Nahezu das einzige, was an diesem Tag gut funktioniert hat: Meine Eigenbau-Bag-in-a-Box-Halterung
Nahezu das einzige, was an diesem Tag gut funktioniert hat: Meine Eigenbau-Bag-in-a-Box-Halterung


Ob ich mir das noch einmal antue, weiß ich nicht. 90 Liter frischen Apfelsaft zuhause haltbar machen, ist vielleicht doch eine Nummer zu groß. Zumindest dann, wenn der fröhliche Mosterei-Tag hier und da etwas anders verläuft, als geplant. Wenigstens die selbstgebaute Bag-in-a-Box-Halterung fürs Abfüllen hat ihren Dienst ordentlich verrichtet.
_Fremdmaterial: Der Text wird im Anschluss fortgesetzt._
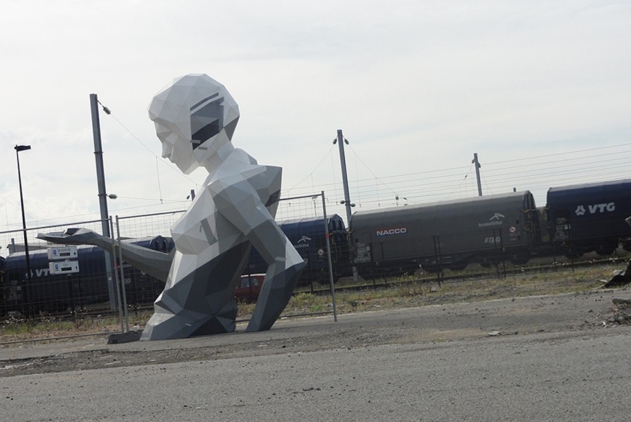 さんが制作し、フランス・ナントの鉄道ヤードに展示した幾何学状の巨大な女性の彫刻です。列車が過ぎゆく鉄道ヤードに、高さ約4メートル、多角形で構成された片腕を上げる女性の像を設置しています。
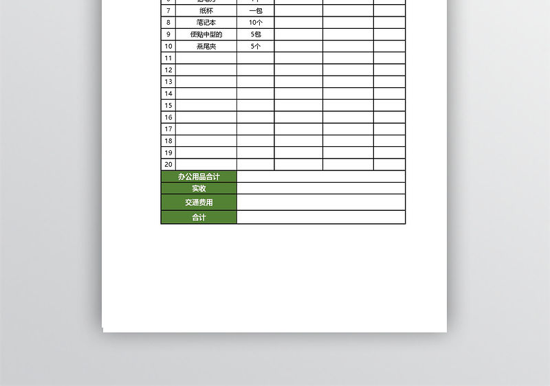 辦公用品購買記錄表excel表格模板包含
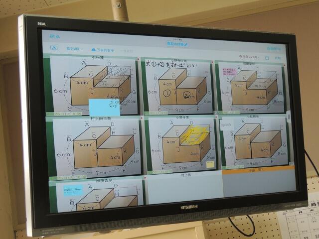 階段の体積を調べます。タブレットで階段を二つに分けたり、欠けたところに立体を足したりして体積を求めます。求められたら、他のやり方がないか考えます。解いた結果を先生のタブレットに送ります。友達の解き方と自分の解き方を比較しました。
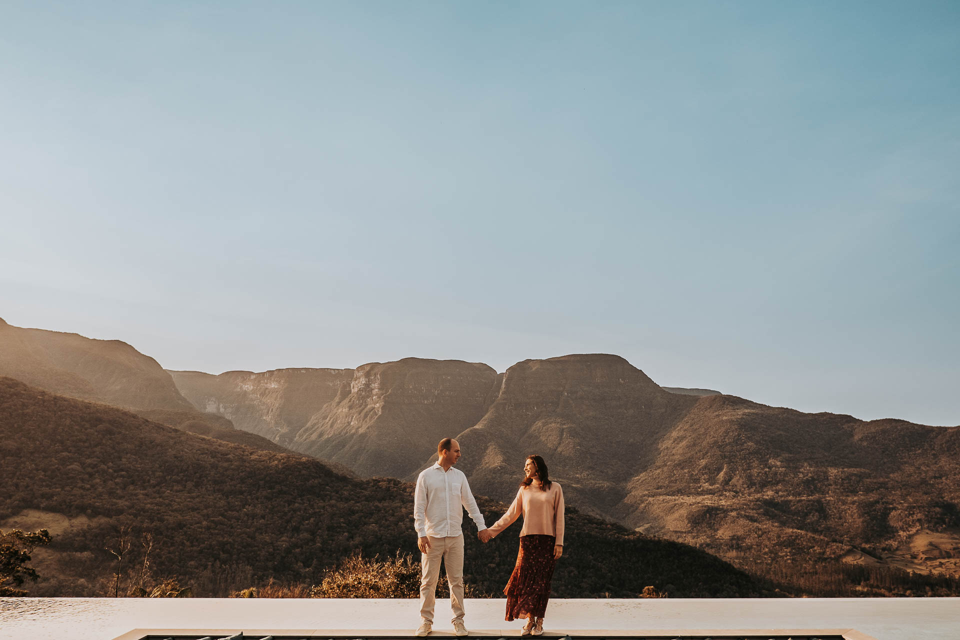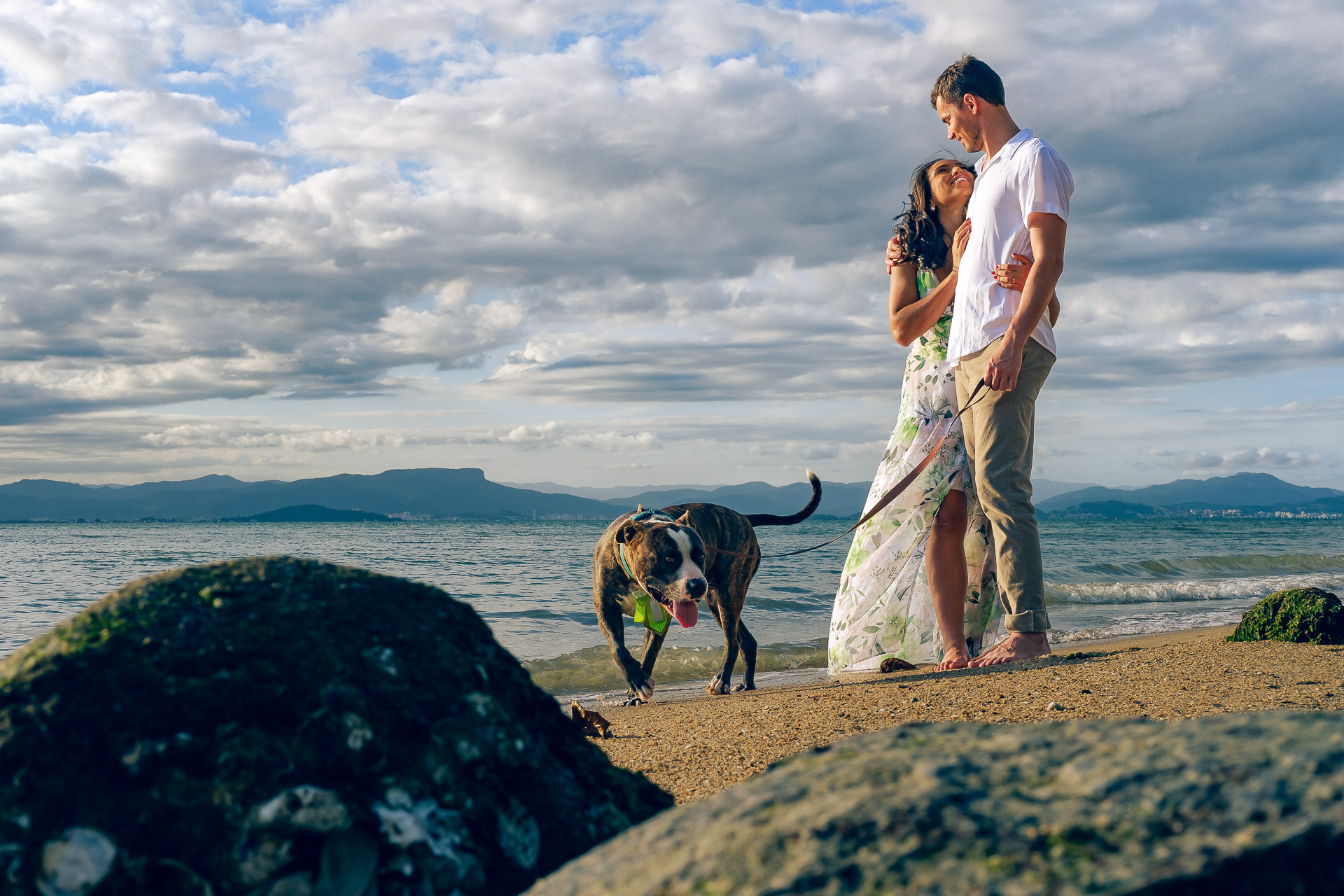 "Nunca esperava que as fotos saíssem tão maravilhosas. Pelo dia de sol, figurino e maquiagem eu já esperava que as fotos ficassem bonitas, mas jamais suspeitei que ficassem tão perfeitas. O Lauro, sua mochila, nós, a Merlot (nossa cadelinha), a paisagem de Floripa e só! Ficamos emocionados ao ver as primeiras fotos que o Lauro nos enviou, imaginei que aquelas seriam as mais lindas até receber todas as fotos e ver o trabalho impecável dele em todas as imagens! Sempre tive receio de fazer fotos por achar que elas ficariam forçadas, mas elas capturaram a nossa essência de um jeito lindo! Todos os amigos e familiares amaram as fotos, foi unânime!"
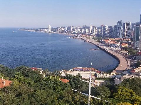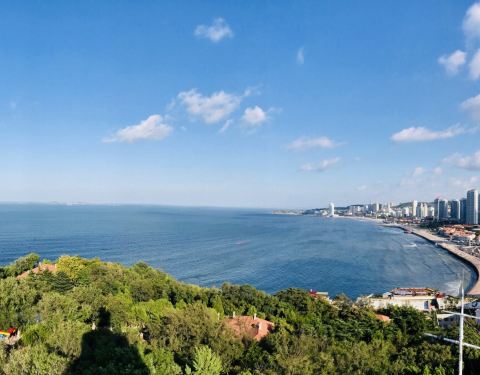 烟台很漂亮的现代建筑和碧蓝的海岸线相结合,蓝天白云,海水碧绿。不过附近没有沙滩,所以浴场比较差
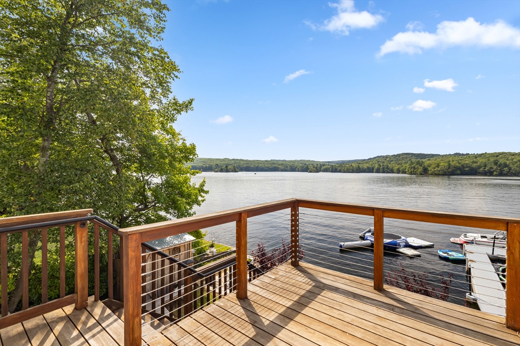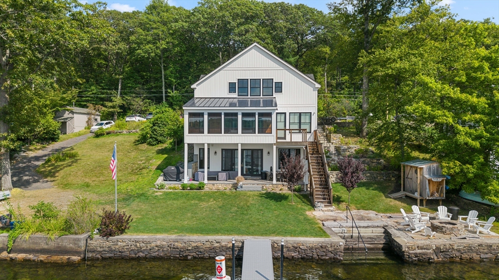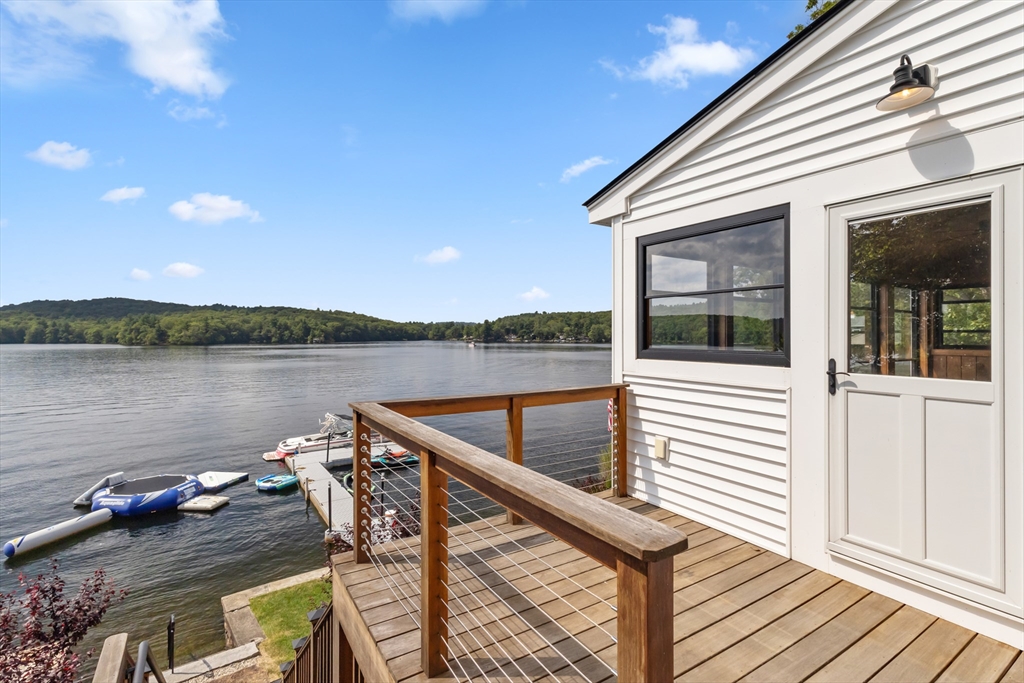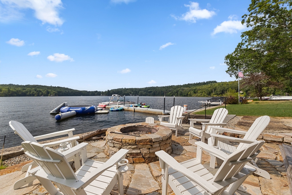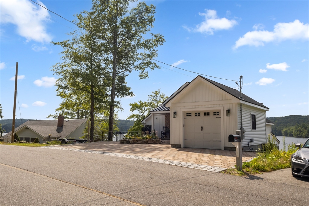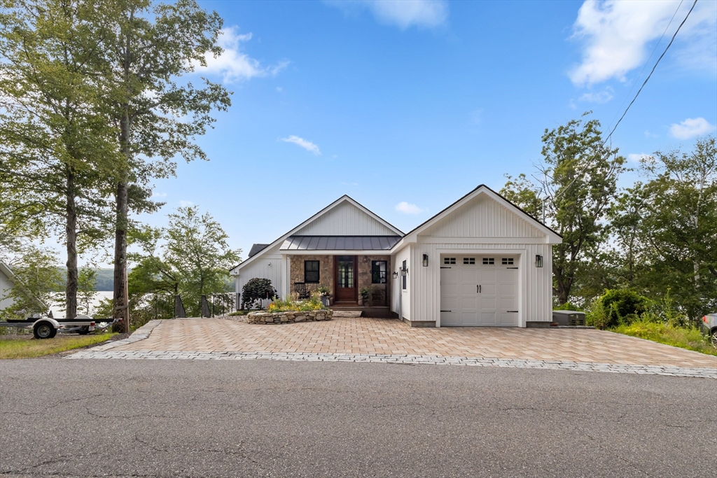 Welcome to 182 Manchaug Rd, a custom waterfront contemporary – Embrace lakefront living in this beautifully designed 2019 home on serene Manchaug Pond. Boasting 3,000 sq ft across 3 levels, this elegant residence offers 3 bedrooms, 3.5 baths & radiant in-floor heating throughout. Enjoy panoramic water views, a heated driveway for winter ease & TWO kitchens—including 1 on the lower level w/ breakfast bar—making entertaining effortless. Custom main floor kitchen to be installed including newThermador appliances, gorgeous cabinets & large center island.Unwind in the sun drenched sunroom or step onto the covered deck overlooking the tranquil waters. The expansive top-floor primary suite includes a full bath & abundant closet space. Lower level walk-out opens to a level grassy yard, firepit, & private dock—perfect for summer fun or cozy winter evenings. With modern finishes, open-plan living & versatile living spaces, this home is turnkey perfection by the lake! New kitchen to be installed!

Die Bauanleitung gibt's hier im Video direkt nach der Saft-Story.

Eine Woche lang habe ich Äpfel gesammelt und in diesen stabilen Netzsäcken eingelagert. Eigenen Berechnungen zufolge waren es knapp 100 Kilogramm Äpfel. Ich rechnete also mit rund 60 Liter Saftausbeute. Der Termin in der Mosterei war für Samstag, 14 Uhr, vereinbart. Es war der allerletzte freie Platz im Terminkalender der Apfelverwerter, und auch nur, um die Äpfel auszupressen. Fürs Haltbarmachen und Abfüllen war kein Zeitfenster mehr frei. Also blieb mir nur das Selbermachen.

OK, dachte ich, kein Problem. Ich hab ja den Einkochautomat, mit welchem ich auch das Würzekochen beim Bierbrauen erledige. Drei Füllungen auf 80 Grad zu erhitzen, das sollte kein Problem sein. Dazu später mehr. Ich war top vorbereitet. Alle Kartons standen bereit, Kocher und alle nötigen Utensilien ebenfalls. 
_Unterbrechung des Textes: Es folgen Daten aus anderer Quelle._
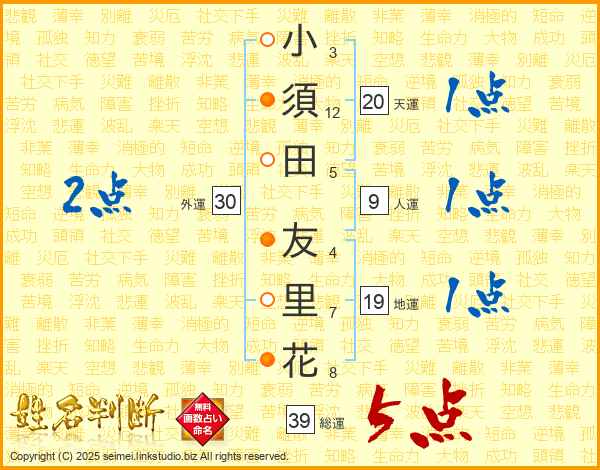 小(3画)須(12画)田(5画) 友(4画)里(7画)花(8画)
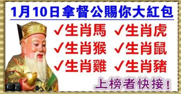 1月10日拿督公賜你大紅包,上榜生肖快接
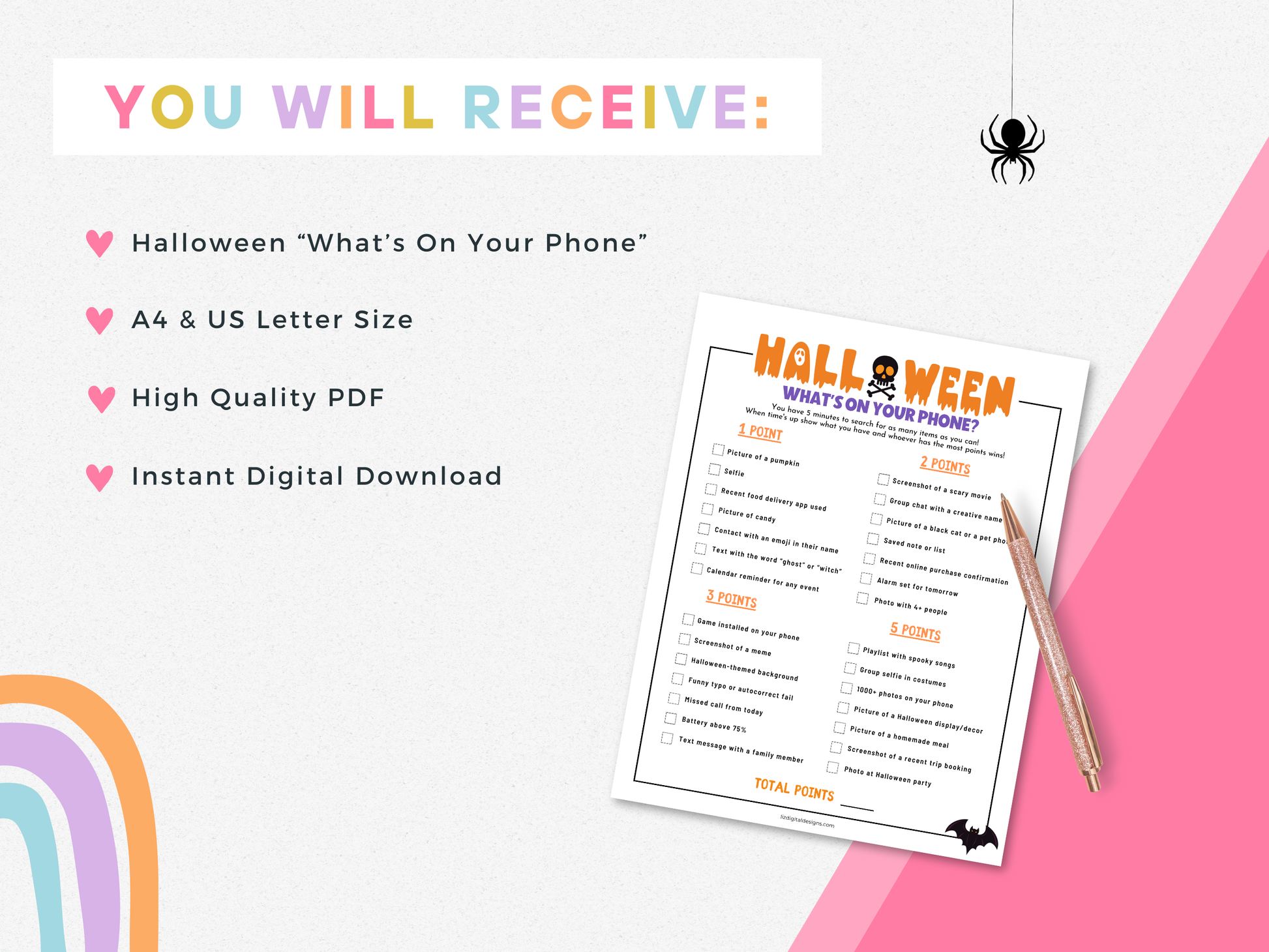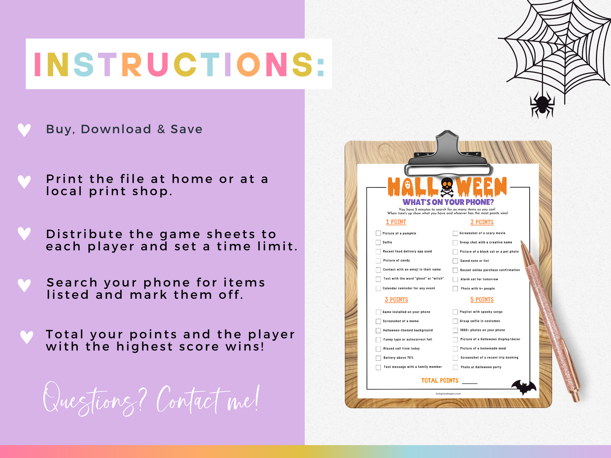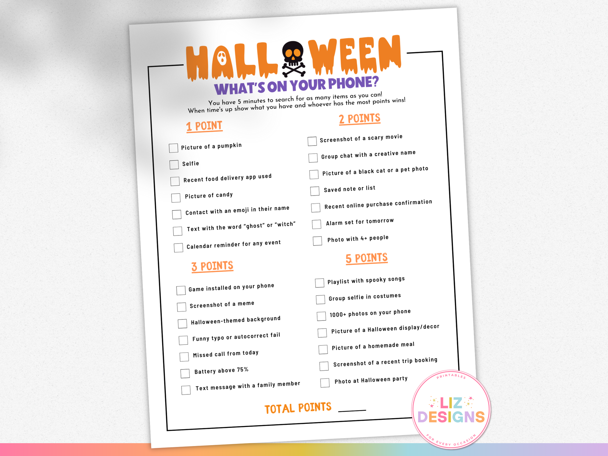 Get ready for spooky fun with this πππππππππ ππππ'π ππ ππππ πππππ ππππ! Perfect for Halloween parties, game nights, or gatherings with friends and family. This fun and easy party game is designed for adults and teens to enjoy as they search their phones for Halloween and everyday items. The player with the most points wins!

Die leeren Kartons warten auf die abgefüllten Apfelsaft-Beutel

Nachdem alle Äpfel auf der Mosterei-Waage lagen, gab es die erste Überraschung: 140 Kilo Äpfel hatte ich mitgebracht. Das sollte laut Most-Meister 90 Liter Saft ergeben. Dumm. Denn ich hatte nur zwei Behälter für 60 Liter am Start. Nachdem durch eine hektische Aktion auch dieses Problem aus der Welt geschafft war - ein drittes Fässchen stand nun parat - floss endlich der Saft durch die Presstücher, exakt 90 Liter. Mit drei vollen Fässchen im Kofferraum und auf dem Rücksitz stand die riskante Fahrt zurück nach Hause an.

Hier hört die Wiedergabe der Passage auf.